Opening his eyes, a huge black vulture sat a yard away, hooded, unmoving, yellow and black eyes beamed on him. It seemed all set to sit there for months, though patience could not describe the fixed gaze. Its eyes were as inhuman as its feet, head, drawn-back wings, part of the expressionless whole, two coloured stones someone had thrown at it that had stuck right in and been used from then on as eyes, when instinct would have done just as well, because it looked as if it had no need to see.

He moved his leg, horrified but not frightened, wanting to kill the bird. The blue-black, glossy feathers were unreal, shining in the sun as if they were wet. When he stood up, a ripple went across one of its eyes, and he stared into them as if they were daring him to push down their impossible wall that blocked him from a world he should know about, to horizons of heaven and hell beyond the scattered horrors of the plain that he was already familiar with and only wanted to defeat and forget.

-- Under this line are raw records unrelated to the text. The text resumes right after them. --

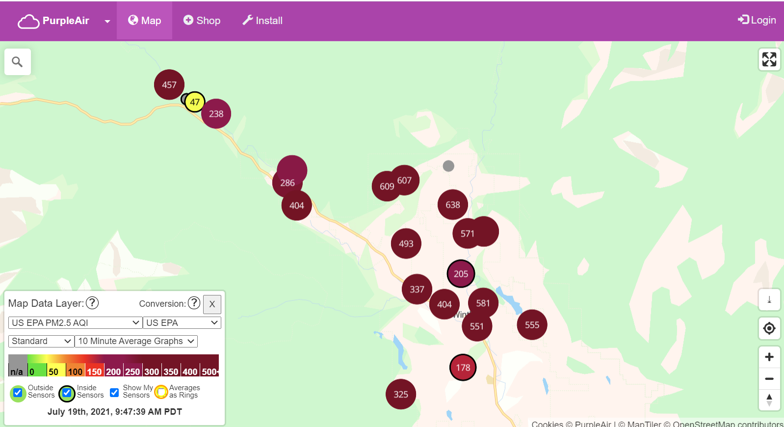 Air Quality: Expect similar smoke impacts today in the upper Methow Valley. Increased impacts will occur in the lower Methow Valley, and the Columbia River Drainage toward Omak. Smoke will settle into the valleys overnight resulting in unhealthy to hazardous air in Winthrop and Mazama between 4:00 am to mid-afternoon. Mazama impacts may be worse today due to increased fire activity yesterday and a forecasted west wind this afternoon. Twisp may experience a shorter period of unhealthy air than Winthrop but should still have unhealthy air in the
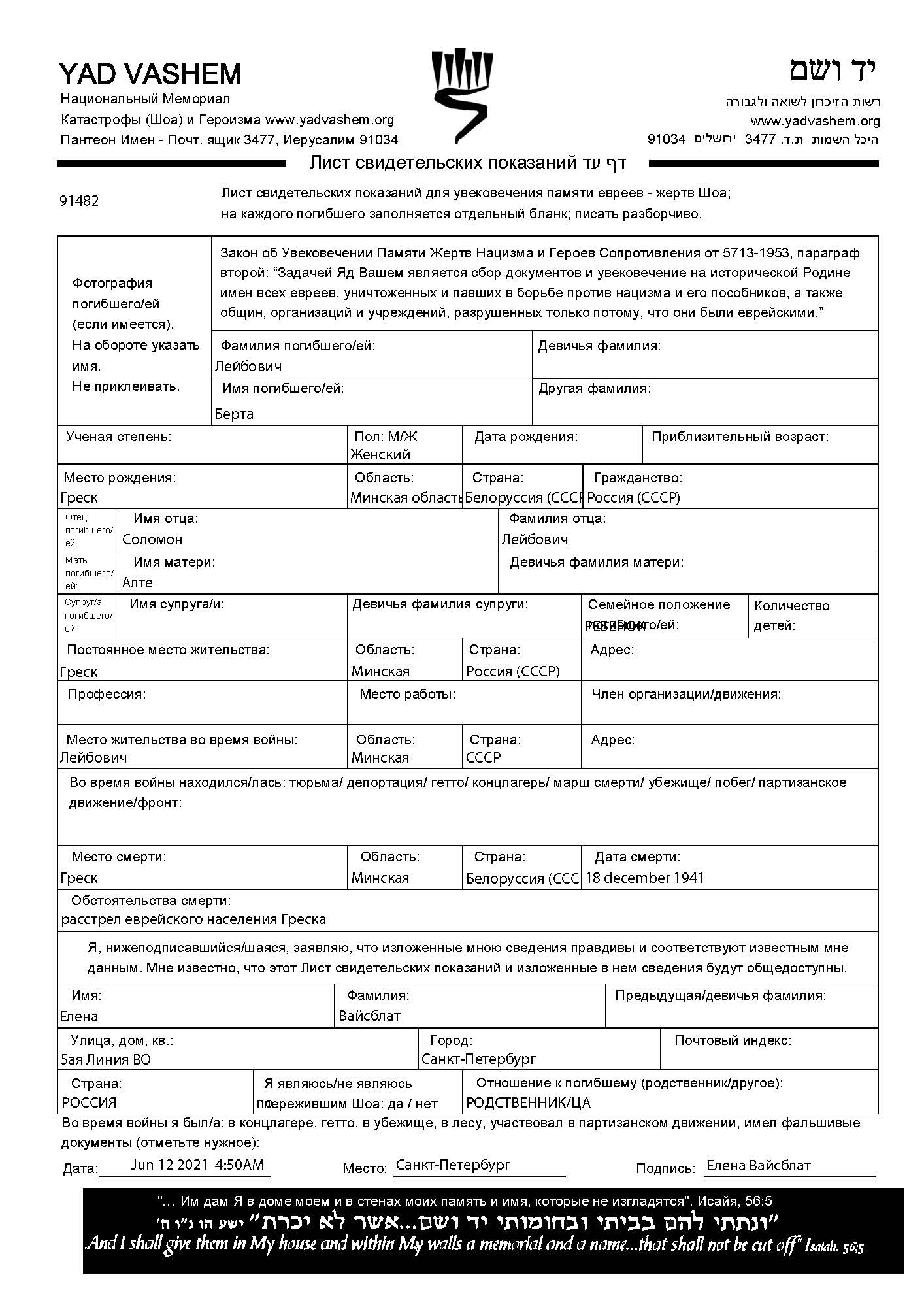 Berta Leybovich was born in Gresk, Belorussia (USSR) to Solomon and Alte. She was child. Prior to WWII she lived in Gresk, Belorussia (USSR). During the war she was in Gresk, Belorussia (USSR). Berta was murdered in the Shoah. Place of death: Gresk, Belorussia (USSR), 18/12/1941.
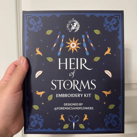 Heir of Storms broderisett. Pakken inneholder et komplett broderikit med motiv inspirert av Heir of Storms av Lauryn Hamilton Murray. Designet av @forensicsandflowers.

It was the middle of the afternoon and he had slept a few hours out of the day. The buzzard must have lost its glut from the camel, and set off through the scorching bileless sky to find more flesh. A line of others sat along the bottom of the valley like blackened tree-stumps that had burned down years ago, whose ash had been utterly blown away. The one nearest lessened in size, and he levelled his gun. To shoot that head would show nothing beyond the wall of merciless unfathomable eye. Within the eye was a desert brain that craved food from a desert that had none. Its life was a miracle, and if it hated anything it was only the earth from which it could get so little food, and this hatred was a javelin for nosing out the dying, whose digested flesh would let them fly eternally through this hell-sky and sometimes perch on the baking land. If he shot it, would they tear the dead bird to pieces? Or will they gang up on me? They lived on the mountains to the north and roamed over thin forests and wilderness, hunting and haunting all flesh and blood from their endless province of space between sky and earth.